• Dataset excerpt:
►

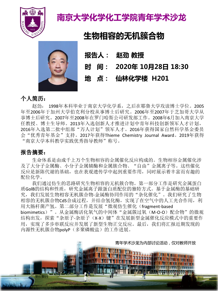 2020年10月28日 | 赵劲 | 生物相容的无机簇合物 | 18:30 | H201 |
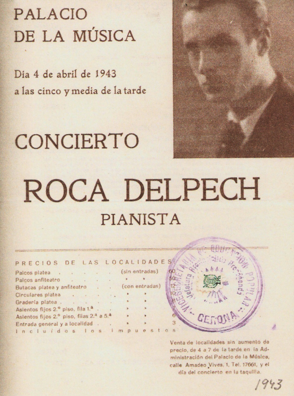 Programa del concert celebrat al Palau de la Música, amb el segell de la Vicesecretaria de Educación Popular de Girona. 4 d'abril de 1943.
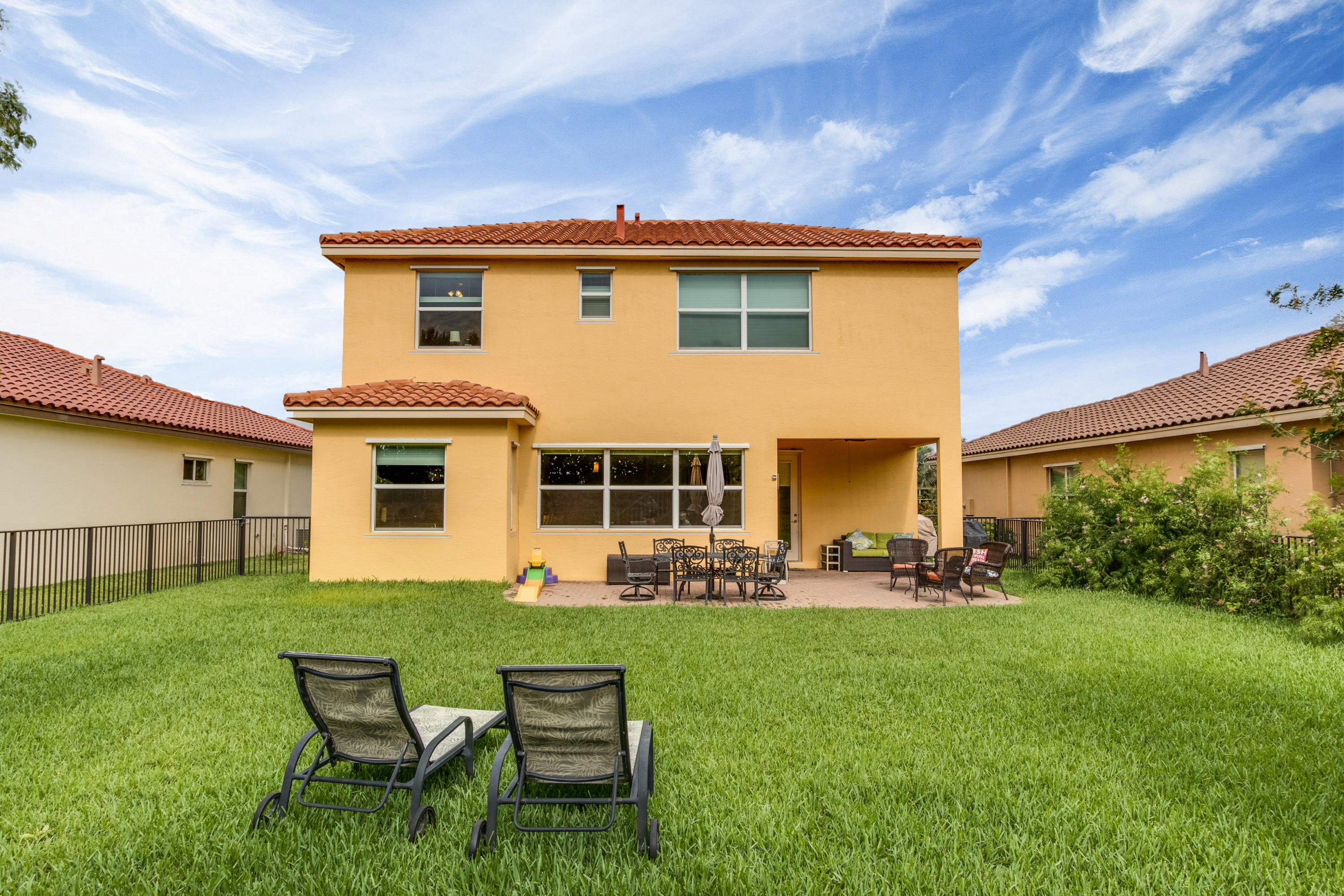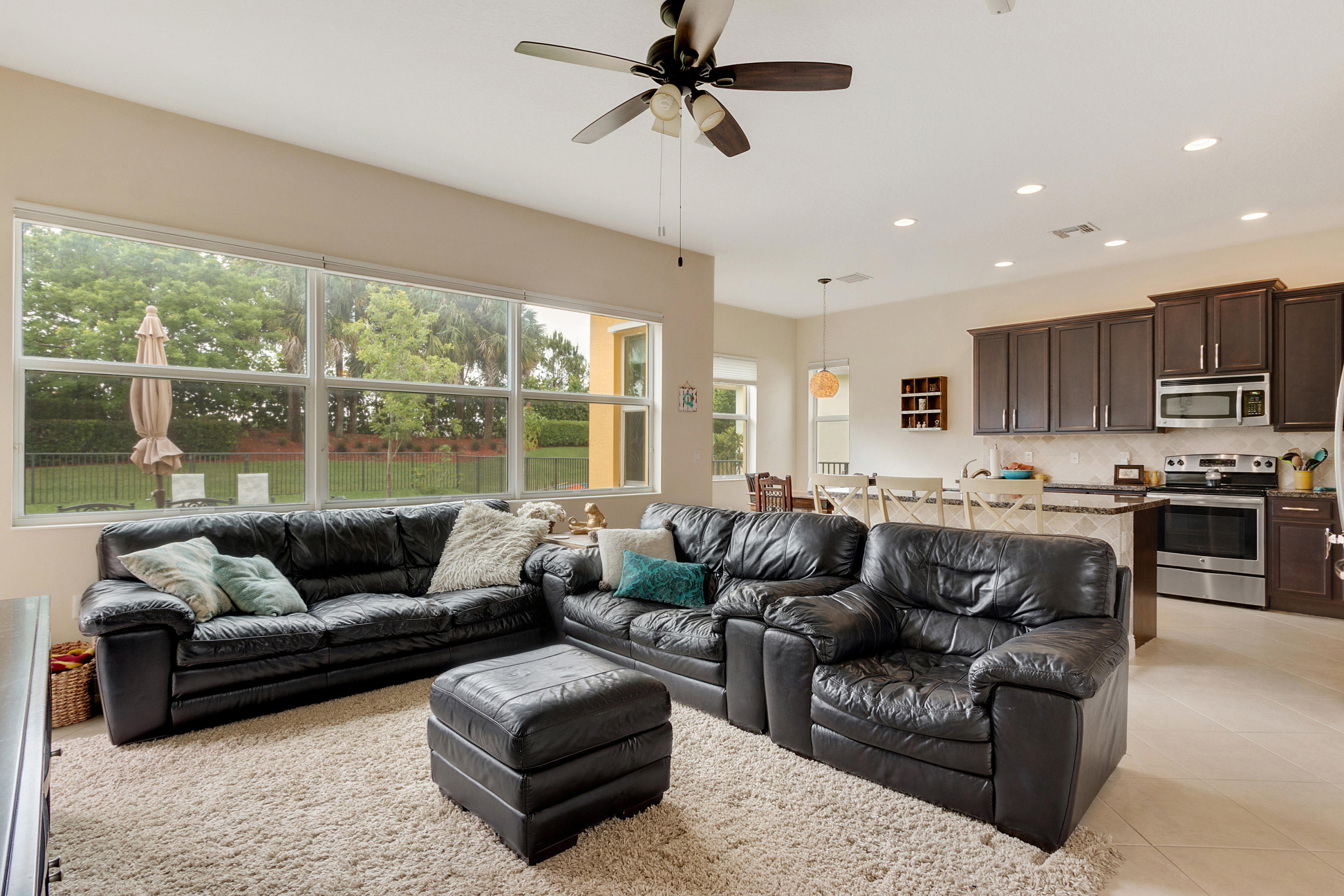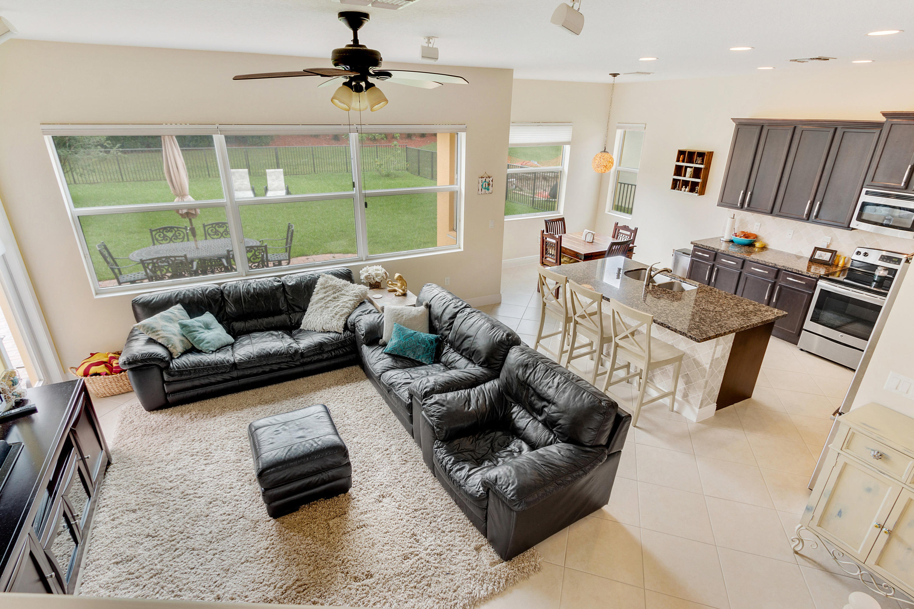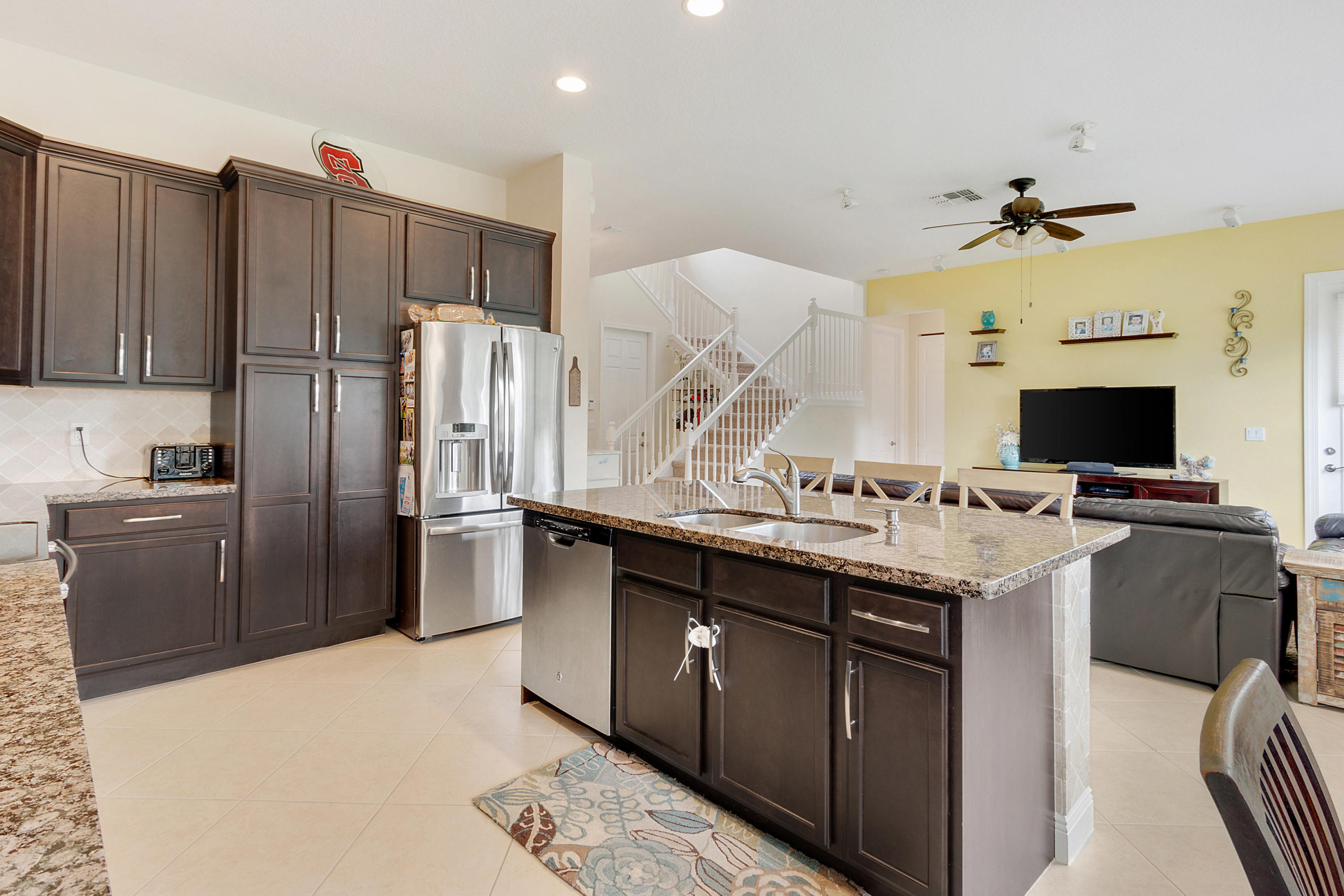This Stunning 4 Bedroom Home on a Huge Fenced Lot in Portosol sits on a quiet culdesac. There's Tile on the Diagonal in all Living Areas. The home boasts over $30,000 in Hunter Douglas Window Treatments including Pirouette Shades, Blackout Shades & more with many on Remote Controls. The Gorgeous Kitchen has 42'' Wood Cabinets with Crown Molding & Stainless Steel Appliances including a French Door Refrigerator as well as Granite Counters. The Great Room includes a 5 Point Surround Sound Speaker system. There's a Full Bedroom on the 1st Floor with Wood Look Flooring. A Cabana Bath leads to the Massive Fenced Yard with plenty of Room for a Pool & More! Upstairs is Lush Carpet & Padding leading to the Master Bedroom with a Huge Walk-In Closet & Upgraded Bath. Awesome Gated Clubhouse Community.

◄

• Goal of the exercise:
For this step, transcribe all the material above exactly and drop the images.

• Result:
 2020年10月28日 | 赵劲 | 生物相容的无机簇合物 | 18:30 | H201 |
 Programa del concert celebrat al Palau de la Música, amb el segell de la Vicesecretaria de Educación Popular de Girona. 4 d'abril de 1943.
This Stunning 4 Bedroom Home on a Huge Fenced Lot in Portosol sits on a quiet culdesac. There's Tile on the Diagonal in all Living Areas. The home boasts over $30,000 in Hunter Douglas Window Treatments including Pirouette Shades, Blackout Shades & more with many on Remote Controls. The Gorgeous Kitchen has 42'' Wood Cabinets with Crown Molding & Stainless Steel Appliances including a French Door Refrigerator as well as Granite Counters. The Great Room includes a 5 Point Surround Sound Speaker system. There's a Full Bedroom on the 1st Floor with Wood Look Flooring. A Cabana Bath leads to the Massive Fenced Yard with plenty of Room for a Pool & More! Upstairs is Lush Carpet & Padding leading to the Master Bedroom with a Huge Walk-In Closet & Upgraded Bath. Awesome Gated Clubhouse Community.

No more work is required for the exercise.